NLP News - SPINN, ∂4, Nested LSTMs, Capsule Networks, Minigo, Matrix Calculus, Past Kaggle Comps, Private Image Analysis, CNN in Google Sheets, AI & Games, IMPALA

Feb 12, 2018

Highlights in this edition include: lots of implementations of state-of-the-art models such as SPINN, ∂4, Nested LSTMs, Capsule Networks, and Minigo; useful resources for learning matrix calculus or NLP and searching past Kaggle competitions; tutorials that will teach how to build a domain-specific assistant for Google Home, perform object recognition on encryted data, or train a CNN in Google Sheets; articles about RL such as different applications (trading, games, robotics) and its bias-variance trade-off; and as always exciting research papers.

Presentations and slides

The State of Natural Language Understanding

Slides from Siva Reddy on the state of Natural Language Understanding (NLU).
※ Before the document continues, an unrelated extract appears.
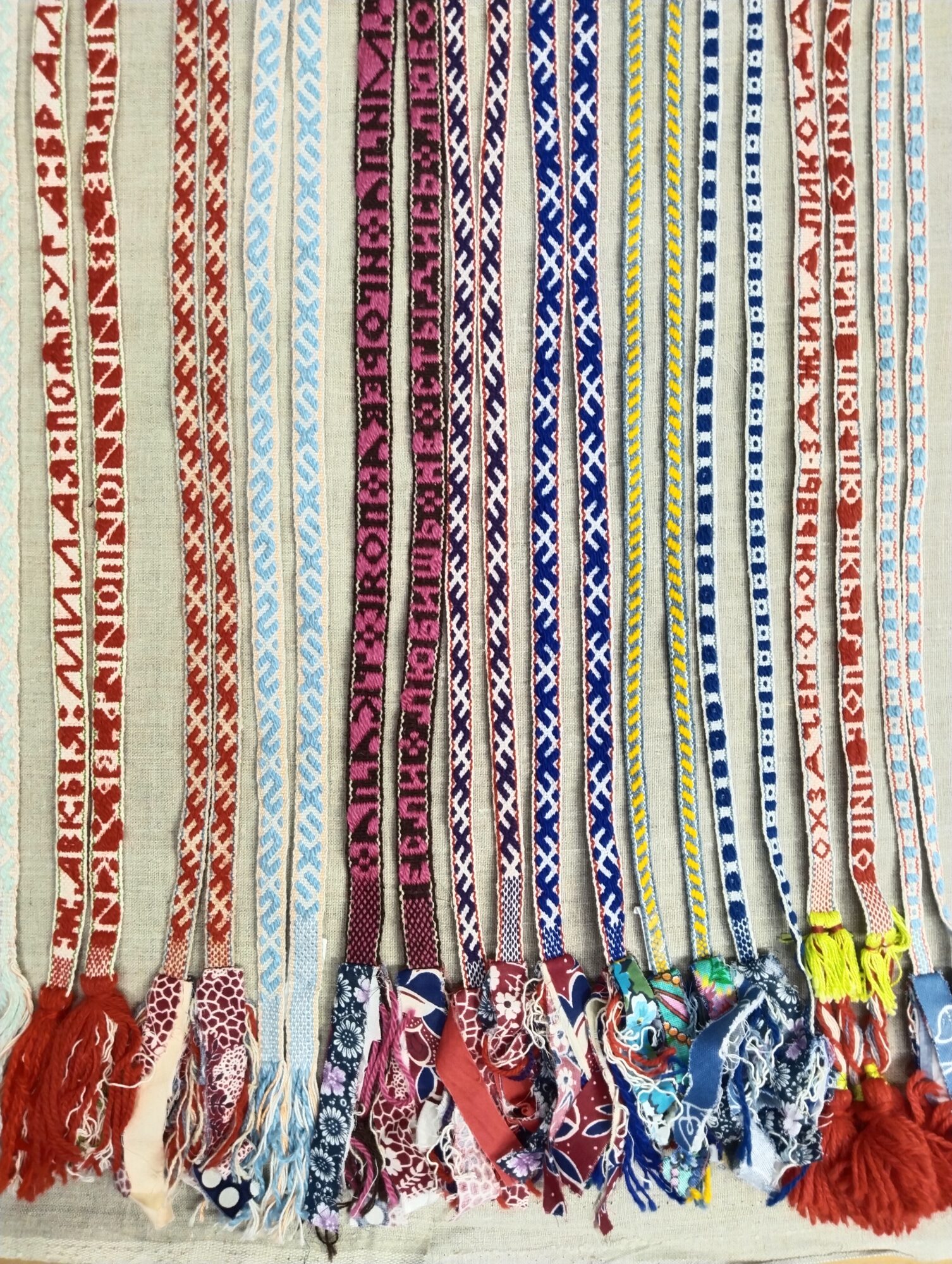 Не всегда ткачиха была грамотна, поэтому на поясах встречаются перевёрнутые буквы, буквы в зеркальном изображении, слившиеся вместе слова и др. А иногда набор букв. В таком случае слова, при всех своих смысловых значениях, как и набор букв, остаются формой орнамента, украшением утилитарного изделия.

He reviews the history and summarizes current trends, which focus on Question Answering.

Imitation Learning for Structured Prediction in NLP — sheffieldnlp.github.io

The slides from the Imitation Learning tutorial at EACL 2017 by Andreas Vlachos, Gerasimos Lampouras, and Sebastian Riedel. The tutorial presents the various imitation algorithms for structured prediction and shows how they can be applied to different NLP applications.

Implementations and tools

SPINN with TensorFlow eager execution — github.com

An implementation of Stack-Augmented Parser-Interpreter Neural Network (SPINN), a recursive neural network that uses syntactic parse information for NLU in Tensorflow with eager execution.

Differentiable Forth Interpreter — github.com

An implementation of ∂4 from Programming with a Differentiable Forth Interpreter (ICML 2017).

Nested LSTM Cell

An implementation of Nested LSTMs, a novel RNN architecture with multiple levels of memory.

Capsule Networks

An implementation of CapsuleNetworks from Dynamic Routing between Capsules (NIPS 2017).

An open-source implementation of the AlphaGoZero algorithm — github.com

Minigo, a pure Python implementation of a neural-network based Go AI in Tensorflow. The implementation is inspired by AlphaGo but the project is not affiliated with DeepMind or AlphaGo.

mltest: Automatically test neural network models in one function call — medium.com

Mltest, a library for automated ML testing in one function call to simply unit testing for ML.

Resources

The Matrix Calculus You Need For Deep Learning — parrt.cs.usfca.edu

An explanation of all the matrix calculus you need in order to understand the training of deep neural networks. Assumes no math knowledge beyond what you learned in calculus 1. By Terence Parr and Jeremy Howard.

Kaggle Past Competitions

Kaggle is a treasure trove of ingenious ways to tackle difficult data science problems in various domains. However, finding the most suitable competition and method can be challenging. This website provides a sortable and searchable compilation of solutions to past Kaggle competitions.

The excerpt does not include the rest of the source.